Years back, while cycling to work, I’d often greet him on the road as he rode his e-bike to work. We biked to work in any condition: rain, sleet, and snow, it didn’t matter. I guess we were kindred spirits, the only two who did this regularly, with a story we shared and yet no one around us would ever understand. You get to know the other cyclists fast when there’s only a few of you in the area.

“You still riding the e-bike in?” I asked him.

“No. Not since they added the security gates,” he said. And neither have I. The gates occlude all of the easiest bike paths, leaving only a dangerous and high-traffic street as access to the building.

“I hate cycling on Campus Parkway,” I said. There are some drivers who would nonchalantly hit a cyclist if no one was around to see it.

“Yeah,” he said. “And my bike kept getting caught in the turnstile.” I hadn’t thought about that, as I hadn’t actually tried to carry my bike through. The irony is there’s actually a bike rack inside the security gates, but it’s now impossible to get a bike to it!

“I miss those days, cycling in. The world slows down for you.”

“And you feel like you can do anything. People say it’s impossible, but you do it anyways.”

“You bike to work when it’s sleeting and your hands are numb, and you’re thinking what the hell is wrong with me. But you also know that you can struggle and win.”

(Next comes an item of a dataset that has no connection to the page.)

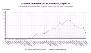 La tasa interanual de la Región de Murcia (4,6%) se sitúa por encima de la media en España (4,1%) y es solo inferior a la tasas de la ciudad autónoma de Melilla (5,8 por ciento) y la comunidad de Canarias (5,5 por ciento).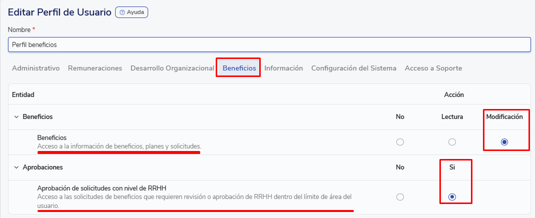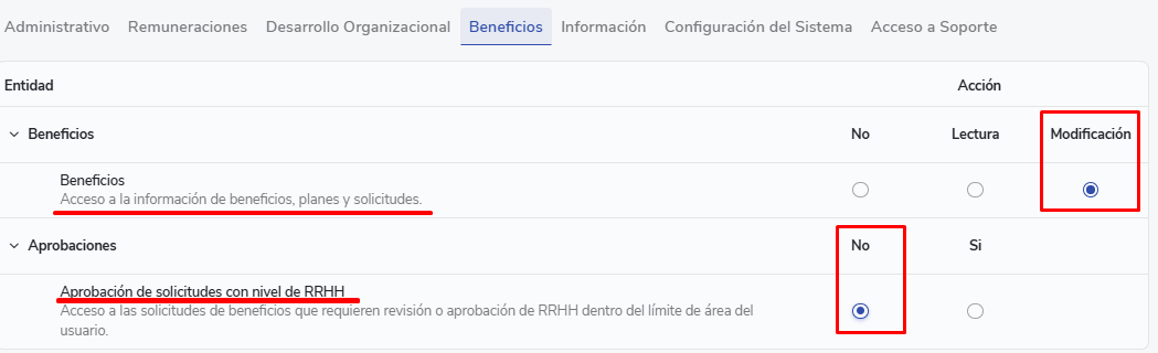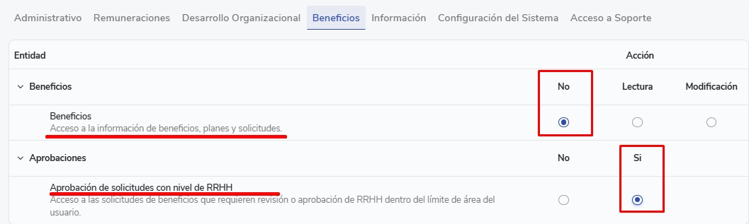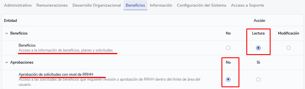 - Approvals:You will have access to approve all requests with approval level RRHH. You can do so even if you have an area limit, but only for requests within that limit. This permission is intended for users who need to participate in request approvals without necessarily having access to modify benefits, configurations or plans.

I miss those days, seeing Donald on the road as dawn winks at the horizon and slowly eviscerates the darkness. However, the only constant is change, and that chapter has closed. I realize that I’ll probably never see Donald on the road again and feel melancholy.

An e-mail circulates about a company “green initiative,” and the “need to recycle!” I think about Donald, unable to carry his e-bike through the security gate’s turnstiles, and I think about how everyone looked at us as lunatics when we parked our bikes in the morning.